## Exercise input
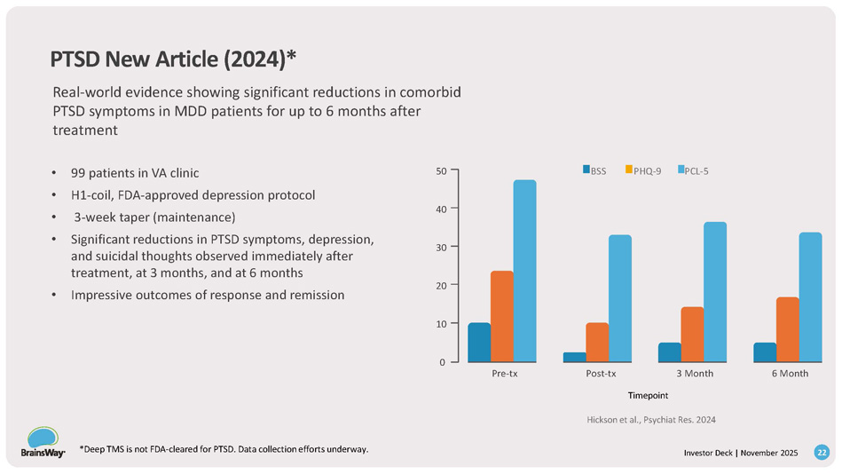 Pre - tx Post - tx 3 Month 6 Month 20 10 0 40 30 50 BSS *Deep TMS is not FDA - cleared for PTSD. Data collection efforts underway. 22 Investor Deck | November 2025 PHQ - 9 PCL - 5 PTSD New Article (2024)* Real - world evidence showing significant reductions in comorbid PTSD symptoms in MDD patients for up to 6 months after treatment • 99 patients in VA clinic • H1 - coil, FDA - approved depression protocol • 3 - week taper (maintenance) • Significant reductions in PTSD symptoms, depression, and suicidal thoughts observed immediately after treatment, at 3 months, and at 6 months • Impressive outcomes of response and remission Timepoint Hickson et al., Psychiat Res.
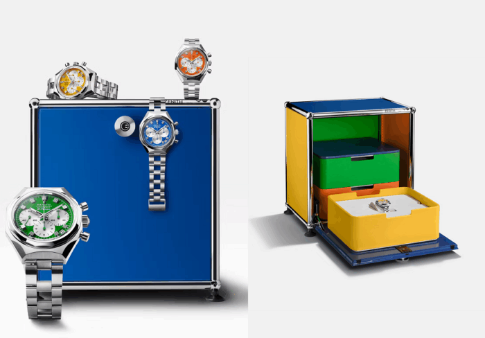 ゼニスとUSMモジュラーファニチャーによる限定カプセルコレクションは、このコラボレーションのために製作されたカスタムデザインのUSMハラー タイムピースチェストと共に発売されます。鮮やかな4色のバリエーションはそれぞれ60本限定のリミテッド エディション。4種の「デファイ クロノグラフ USM」をコレクションし、同じくカラフルなボックスに収めれば、USMハラーシステムが謳うモジュラーの美学とUSMのシグネチャーカラーを堪能できます。
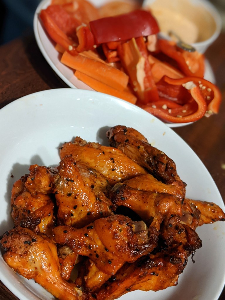 Truly a snack. Picked up lemon garlic masala wings, cut up some veggies, and hey, at least I made my own dip!
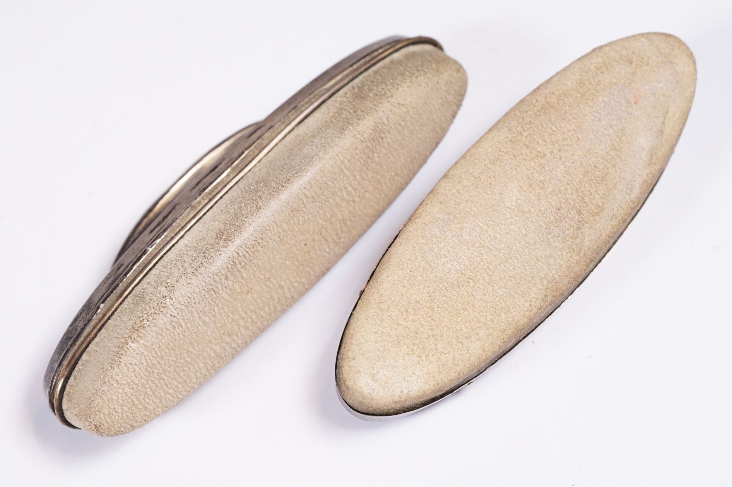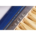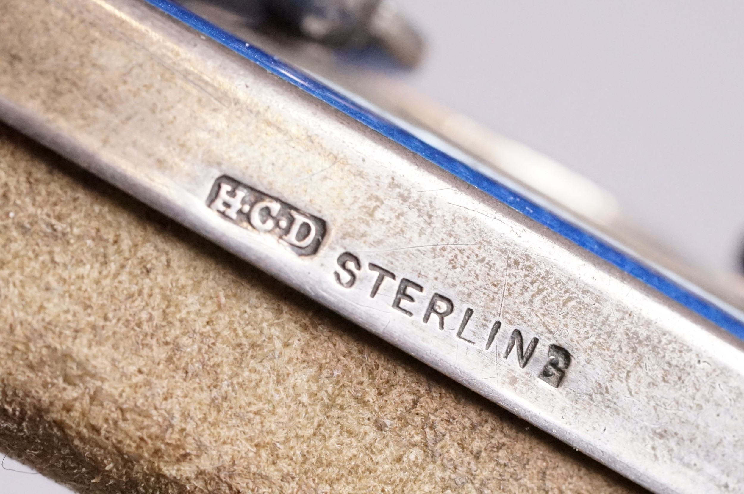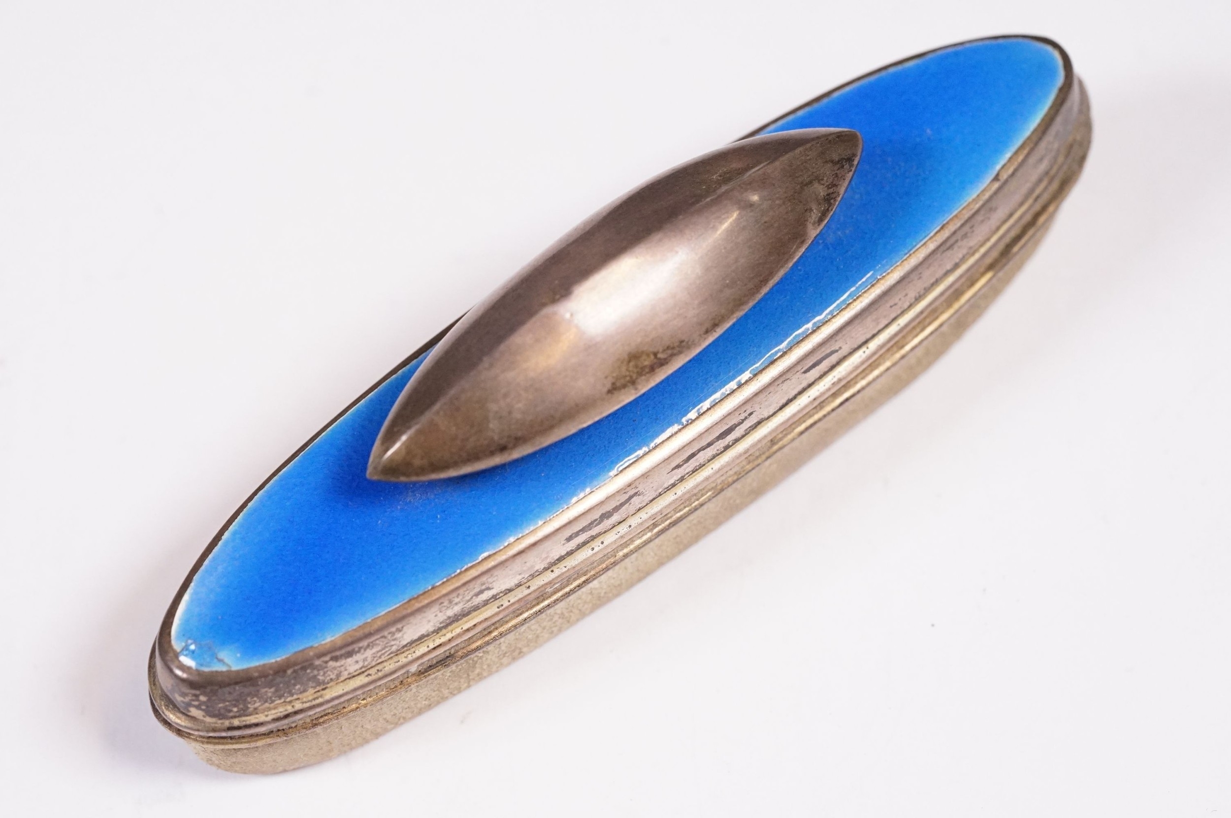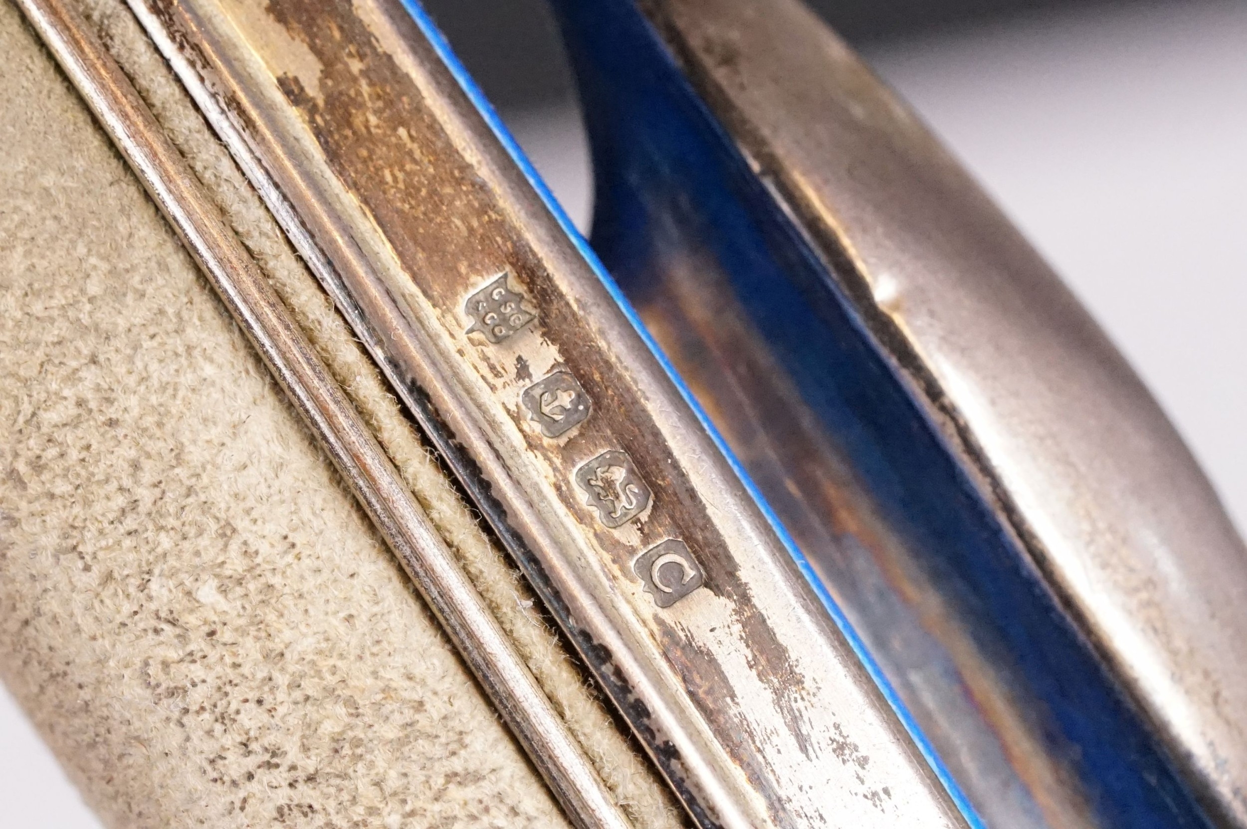 An Art Deco fully hallmarked sterling silver and blue guilloche enamel vanity set to include brush and nail buffers.
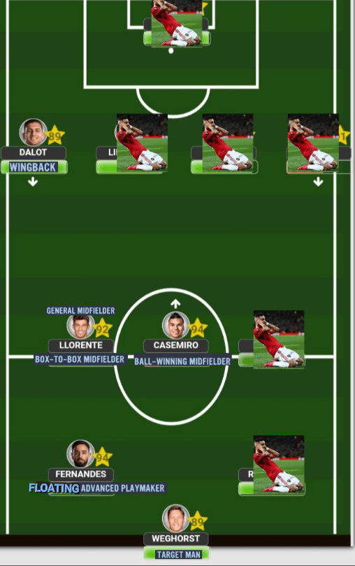 When it comes to getting Bruno playing on smoke, there are 2 non negotiable teammates: A ‘Ball Winning Midfielder’/ a defensive nuanced ‘Deep lying Playmaker’ and a ‘Target Man’. The reason why a ‘BWM’ is needed is down to the fact that Bruno is extremeley offensive and his ego tends to cause him to jump out of position to make runs into the box without thinking about what could happen if the possession is lost (which is fine since without this he wouldn’t have become such a great player). That is why a player who can mop up any counter attacking threat from the opposition is needed and why Casemiro is currently a United player; Since Bruno loves to attack the box, he will need a player who will pull defenders near them to open up space for him to get into (Bruno’s best spells at United occurred when Lukaku, Weghorst or Cavani was upfront); Let’s not forget that he is still one of the best though ball passers in the game, so you’ll need a player outwide who is ready to make those dangerous runs in on goal which is why Rashford is perfect for Bruno. Lastly, Bruno never wants to be used as a playmaker, so we should never tick the box if you put his name in the slot, and it also means that you will need to use a ‘Target Man’ for Bruno’s attacking abilities to come to the front. When choosing to play Bruno in a Midfield 3 it is important to give him the license to get forward from this position which means that a ‘Ball Winning’ Midifelder will be crucial; a ‘Full back’ who will not overlap that much is also important; a ‘Winger’ who hugs the touch line and never wants to get into the same positions as Bruno is also key (although Sancho is a bad example of the type of ‘Winger’ you should be aiming for), and of course a ‘Target Man’ who will allow Bruno to make those late runs into the box.There might be some of you out there that want to experiment with Bruno in that outwide position, and if you do, just remember that he will in no form play like a ‘Winger’ or ‘Wide Forward’. So, he will need an attack minded ‘Wingback’ who will provide the width and allow him to go infield, a ‘Ball Winning’ Midiflder to protect the back line as well as cover for the bombarding ‘Wingback’, and if you want to unlock Bruno even further, playing a ‘Box to Box’ or ‘General’ Midfielder is a great way to ensure that Bruno can solely focus on his attacking gameIn this 3-4-1-2 formation, Bruno is operating as the ‘no.10’ in behind the front 2 and in this position, Bruno will run riot and showcase his creative abilities with 2 F(C)’s eager to benefit from his passes, while your ‘BWM’ cleans up the dangers on the break and ‘Wingbacks’ outwide provide the width which frees up even more space for Bruno to operate in

## What the task asks
Would you restate the listing word for word and leave every picture out?

## Output of the exercise
 Pre - tx Post - tx 3 Month 6 Month 20 10 0 40 30 50 BSS *Deep TMS is not FDA - cleared for PTSD. Data collection efforts underway. 22 Investor Deck | November 2025 PHQ - 9 PCL - 5 PTSD New Article (2024)* Real - world evidence showing significant reductions in comorbid PTSD symptoms in MDD patients for up to 6 months after treatment • 99 patients in VA clinic • H1 - coil, FDA - approved depression protocol • 3 - week taper (maintenance) • Significant reductions in PTSD symptoms, depression, and suicidal thoughts observed immediately after treatment, at 3 months, and at 6 months • Impressive outcomes of response and remission Timepoint Hickson et al., Psychiat Res.
 ゼニスとUSMモジュラーファニチャーによる限定カプセルコレクションは、このコラボレーションのために製作されたカスタムデザインのUSMハラー タイムピースチェストと共に発売されます。鮮やかな4色のバリエーションはそれぞれ60本限定のリミテッド エディション。4種の「デファイ クロノグラフ USM」をコレクションし、同じくカラフルなボックスに収めれば、USMハラーシステムが謳うモジュラーの美学とUSMのシグネチャーカラーを堪能できます。
 Truly a snack. Picked up lemon garlic masala wings, cut up some veggies, and hey, at least I made my own dip!
 An Art Deco fully hallmarked sterling silver and blue guilloche enamel vanity set to include brush and nail buffers.
 When it comes to getting Bruno playing on smoke, there are 2 non negotiable teammates: A ‘Ball Winning Midfielder’/ a defensive nuanced ‘Deep lying Playmaker’ and a ‘Target Man’. The reason why a ‘BWM’ is needed is down to the fact that Bruno is extremeley offensive and his ego tends to cause him to jump out of position to make runs into the box without thinking about what could happen if the possession is lost (which is fine since without this he wouldn’t have become such a great player). That is why a player who can mop up any counter attacking threat from the opposition is needed and why Casemiro is currently a United player; Since Bruno loves to attack the box, he will need a player who will pull defenders near them to open up space for him to get into (Bruno’s best spells at United occurred when Lukaku, Weghorst or Cavani was upfront); Let’s not forget that he is still one of the best though ball passers in the game, so you’ll need a player outwide who is ready to make those dangerous runs in on goal which is why Rashford is perfect for Bruno. Lastly, Bruno never wants to be used as a playmaker, so we should never tick the box if you put his name in the slot, and it also means that you will need to use a ‘Target Man’ for Bruno’s attacking abilities to come to the front. When choosing to play Bruno in a Midfield 3 it is important to give him the license to get forward from this position which means that a ‘Ball Winning’ Midifelder will be crucial; a ‘Full back’ who will not overlap that much is also important; a ‘Winger’ who hugs the touch line and never wants to get into the same positions as Bruno is also key (although Sancho is a bad example of the type of ‘Winger’ you should be aiming for), and of course a ‘Target Man’ who will allow Bruno to make those late runs into the box.There might be some of you out there that want to experiment with Bruno in that outwide position, and if you do, just remember that he will in no form play like a ‘Winger’ or ‘Wide Forward’. So, he will need an attack minded ‘Wingback’ who will provide the width and allow him to go infield, a ‘Ball Winning’ Midiflder to protect the back line as well as cover for the bombarding ‘Wingback’, and if you want to unlock Bruno even further, playing a ‘Box to Box’ or ‘General’ Midfielder is a great way to ensure that Bruno can solely focus on his attacking gameIn this 3-4-1-2 formation, Bruno is operating as the ‘no.10’ in behind the front 2 and in this position, Bruno will run riot and showcase his creative abilities with 2 F(C)’s eager to benefit from his passes, while your ‘BWM’ cleans up the dangers on the break and ‘Wingbacks’ outwide provide the width which frees up even more space for Bruno to operate in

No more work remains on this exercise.